__Supplied data__:
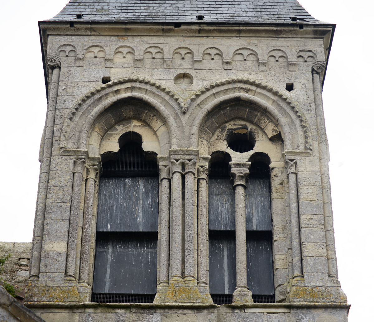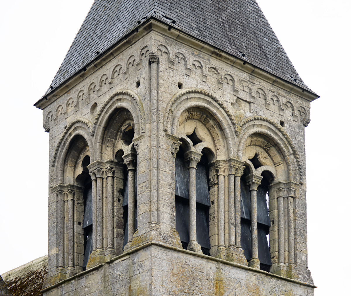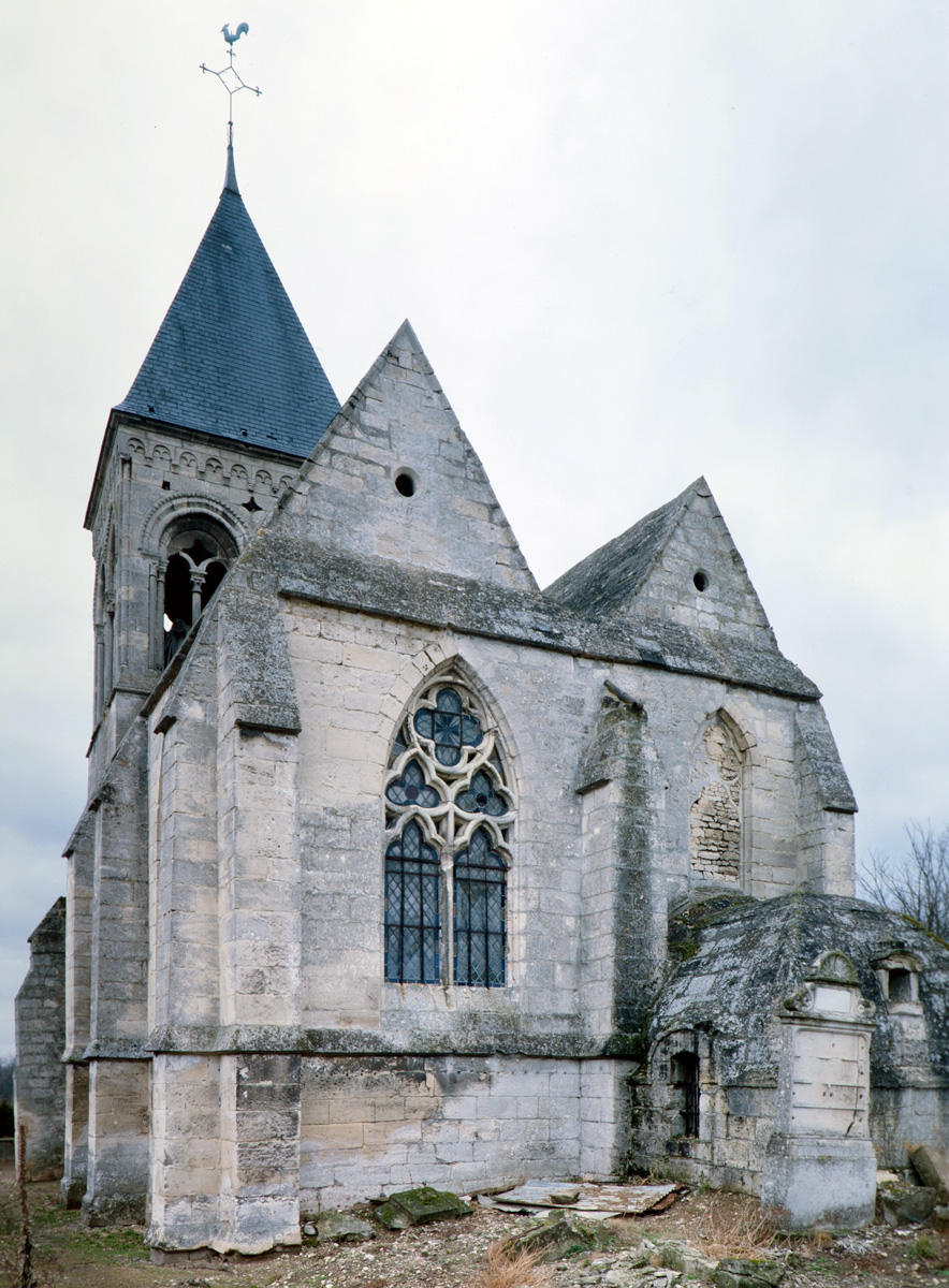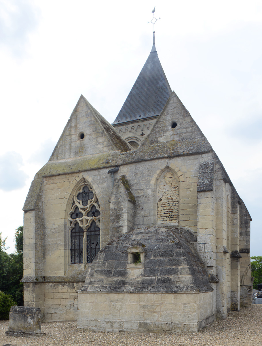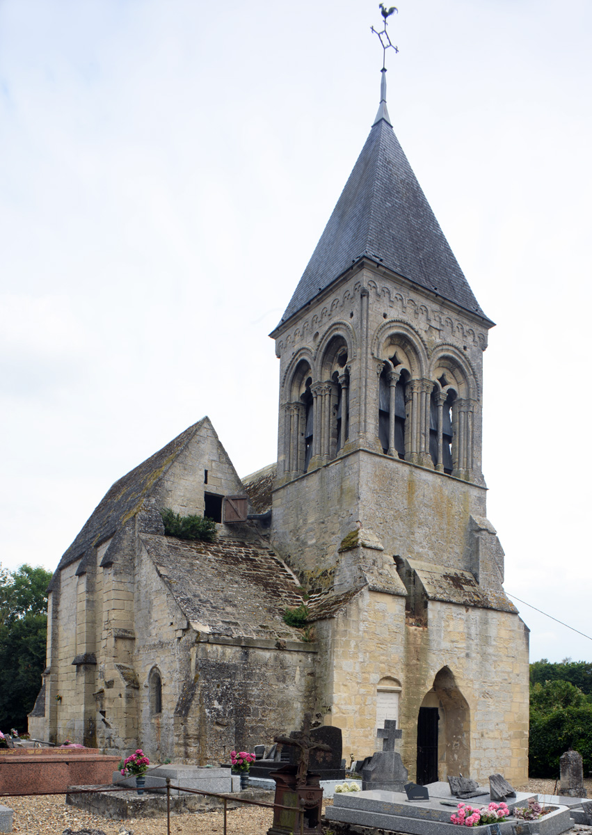 La travée qui porte le clocher, bâtie au milieu du 12ème siècle, comporte une voûte en berceau brisé. Une petite chapelle lui a été adjointe au nord dans le dernier quart du même siècle. C’est aussi de cette époque que date le clocher, que l’on rapprochera, par sa conception et son décor, de ceux de Mogneville et Cauffry.
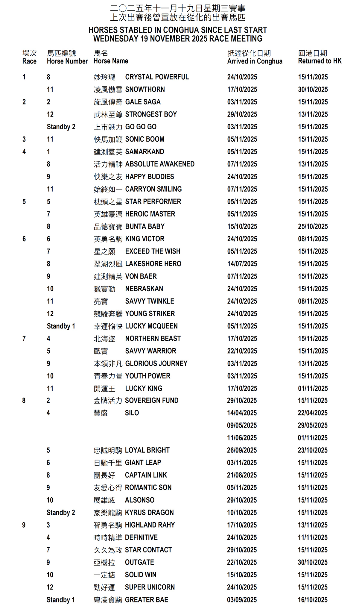 2025年11月19日星期三賽事 – 上次出賽後曾置放在從化的出賽馬匹
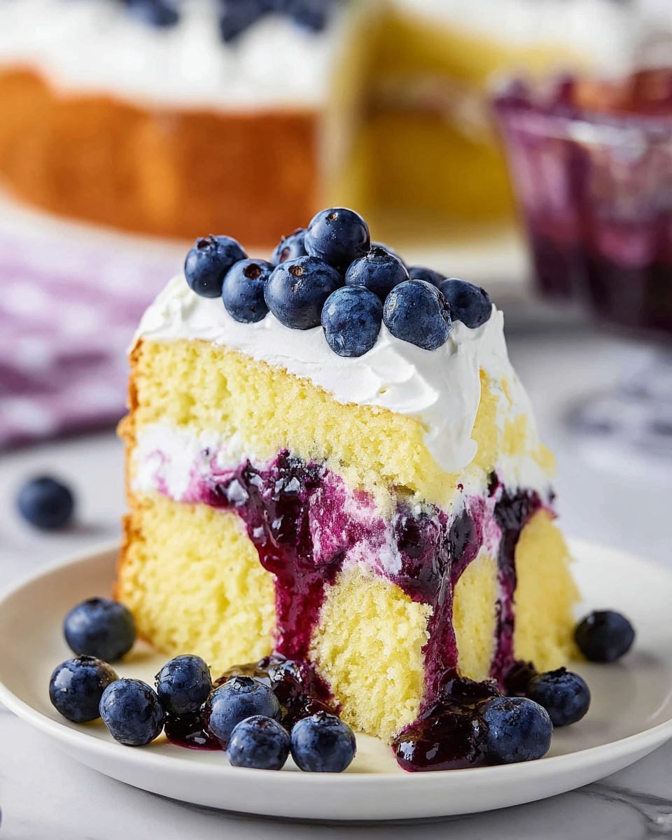 - Top with Lemon Curd and Whipped Topping: Dollop the lemon curd over the blueberry filling and spread it gently. Finally, spread the whipped topping evenly over the entire cake.
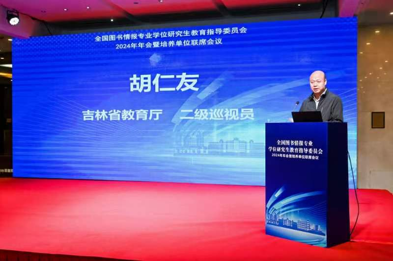 吉林省教育厅二级巡视员胡仁友在致辞中指出吉林省在党的全面领导下积极贯彻“十四五”教育发展规划,致力于提升人才自主培养质量,构建高质量教育体系,为我省的全面振兴和社会主义现代化建设作出教育新贡献。他介绍了省内专业学位发展和学位点建设的总体布局,并肯定了我省在图书情报专业硕士培养和学科建设等方面取得的成绩。他期望借助本次大会,省内四所高校学位授权点能够全面展示各自的办学成果和特色,通过加强交流合作,取长补短,共同打造图书情报硕士人才培养的吉林品牌和吉林模式,为区域经济社会发展持续赋能。
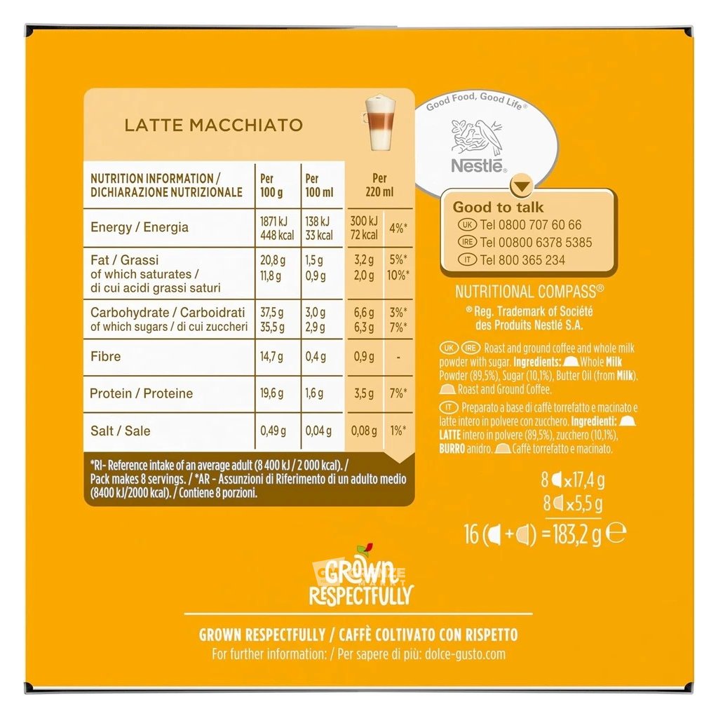 Nescafé Dolce Gusto Latte Macchiato je dokonalou kombinací pečlivě vybraných zrn Arabica a Robusta, která dodávají bohaté aroma, jemnou chuť a vyváženou intenzitu. Užijte si kávu jako z kavárny pohodlně u vás doma.
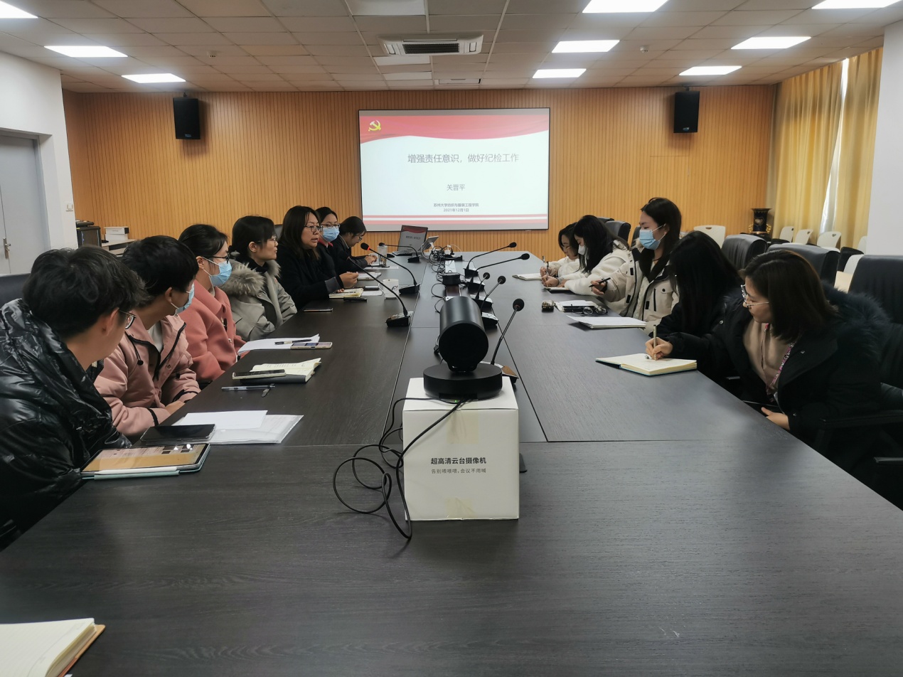 2021年12月1日下午,纺织与服装工程学院在北校区工科楼422会议室召开纪检工作专题培训,会议主题是《增强责任意识,做好纪检工作》,全体党支部纪检委员出席,会议由学院党委纪检委员、副院长关晋平主持。

__Instructions to follow__: The answer is to be the lines from the line that contains "- Top with Lemon" through the last line of the material, retyped exactly, both included, with pictures left out, please.

__Response area__:
 - Top with Lemon Curd and Whipped Topping: Dollop the lemon curd over the blueberry filling and spread it gently. Finally, spread the whipped topping evenly over the entire cake.
 吉林省教育厅二级巡视员胡仁友在致辞中指出吉林省在党的全面领导下积极贯彻“十四五”教育发展规划,致力于提升人才自主培养质量,构建高质量教育体系,为我省的全面振兴和社会主义现代化建设作出教育新贡献。他介绍了省内专业学位发展和学位点建设的总体布局,并肯定了我省在图书情报专业硕士培养和学科建设等方面取得的成绩。他期望借助本次大会,省内四所高校学位授权点能够全面展示各自的办学成果和特色,通过加强交流合作,取长补短,共同打造图书情报硕士人才培养的吉林品牌和吉林模式,为区域经济社会发展持续赋能。
 Nescafé Dolce Gusto Latte Macchiato je dokonalou kombinací pečlivě vybraných zrn Arabica a Robusta, která dodávají bohaté aroma, jemnou chuť a vyváženou intenzitu. Užijte si kávu jako z kavárny pohodlně u vás doma.
 2021年12月1日下午,纺织与服装工程学院在北校区工科楼422会议室召开纪检工作专题培训,会议主题是《增强责任意识,做好纪检工作》,全体党支部纪检委员出席,会议由学院党委纪检委员、副院长关晋平主持。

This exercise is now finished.